GIVEN INFORMATION below:

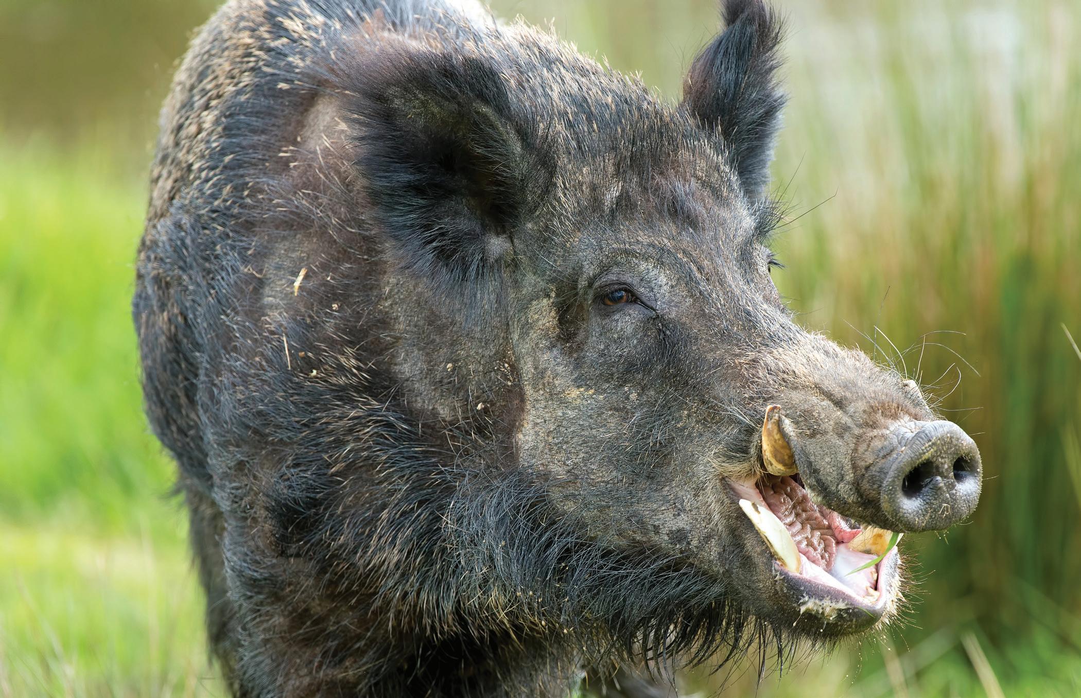 “ e hogs. Here’s what I’ll do. See that rise? I’ll walk around the le side. e hogs in there will smell me like the last time, and when they come running out, you can get a few shots. en, I’ll get the ones that are farther away with my ri e.”
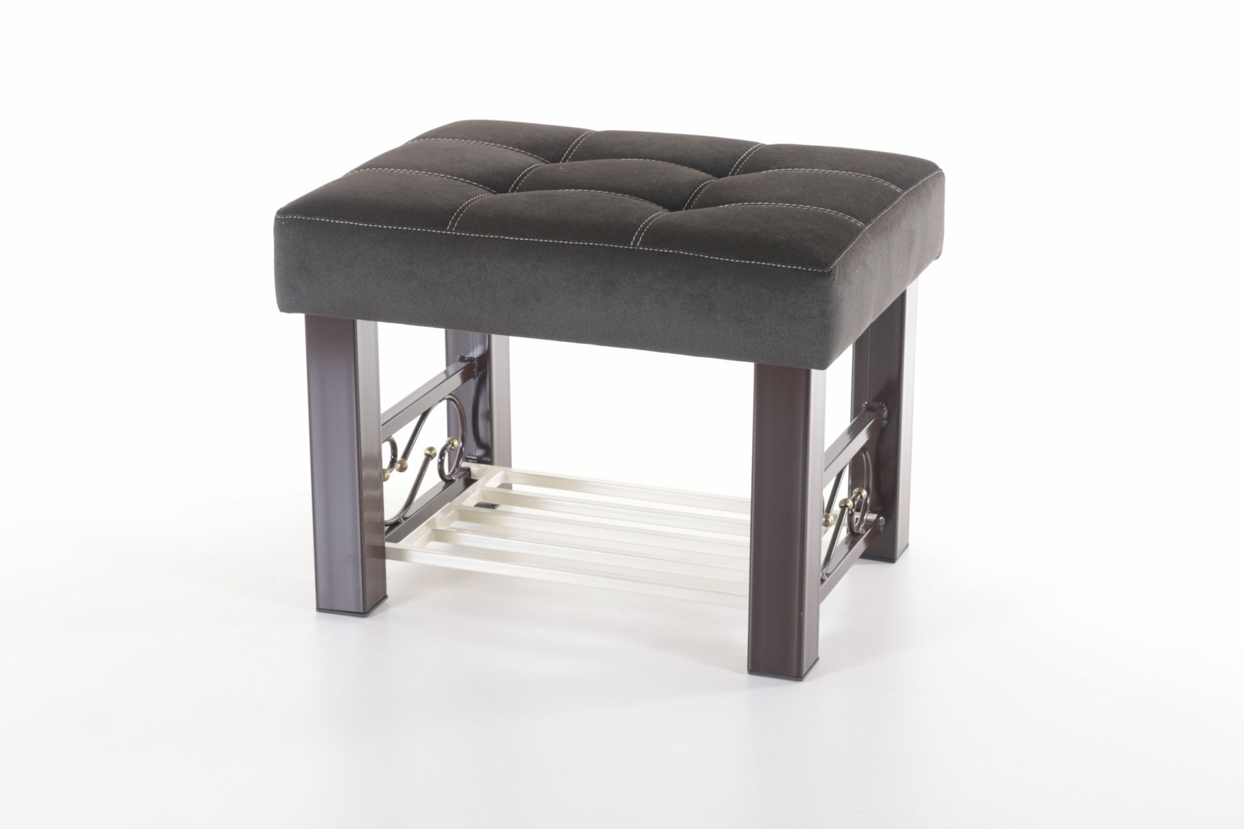 Каркас изготовлен из металла, материал обивки сидения – кож.зам. премиум класса либо ткань (велюр) на Ваш выбор. Двойная строчка пуфика придает изделиям не только красоту, но и надежность, поскольку выполнена высокопрочной полиэфирной нитью, которая устойчива к истиранию и обладает отличной светостойкостью. Пластиковые подпятники на ножках позволят бережно эксплуатировать мебель на любом покрытии пола.
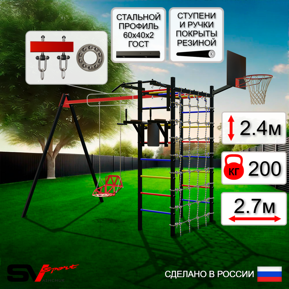 КОМПЛЕКТАЦИЯ: Каркас УСИК Sv Sport, Турник Sv Sport стандарт к УШС, Брусья Sv Sport к УШС, Качели пластиковые со спинкой на цепях, Подвесы для качелей на подшипниках Sv Sport, Щит баскетбольный Sv Sport c кронштейном к УШС Sv Sport, Сетка к спортивному комплексу.

End of GIVEN INFORMATION.

EXERCISE OBJECTIVE: Would you copy all the material exactly, dropping the pictures?

REPLY:
 “ e hogs. Here’s what I’ll do. See that rise? I’ll walk around the le side. e hogs in there will smell me like the last time, and when they come running out, you can get a few shots. en, I’ll get the ones that are farther away with my ri e.”
 Каркас изготовлен из металла, материал обивки сидения – кож.зам. премиум класса либо ткань (велюр) на Ваш выбор. Двойная строчка пуфика придает изделиям не только красоту, но и надежность, поскольку выполнена высокопрочной полиэфирной нитью, которая устойчива к истиранию и обладает отличной светостойкостью. Пластиковые подпятники на ножках позволят бережно эксплуатировать мебель на любом покрытии пола.
 КОМПЛЕКТАЦИЯ: Каркас УСИК Sv Sport, Турник Sv Sport стандарт к УШС, Брусья Sv Sport к УШС, Качели пластиковые со спинкой на цепях, Подвесы для качелей на подшипниках Sv Sport, Щит баскетбольный Sv Sport c кронштейном к УШС Sv Sport, Сетка к спортивному комплексу.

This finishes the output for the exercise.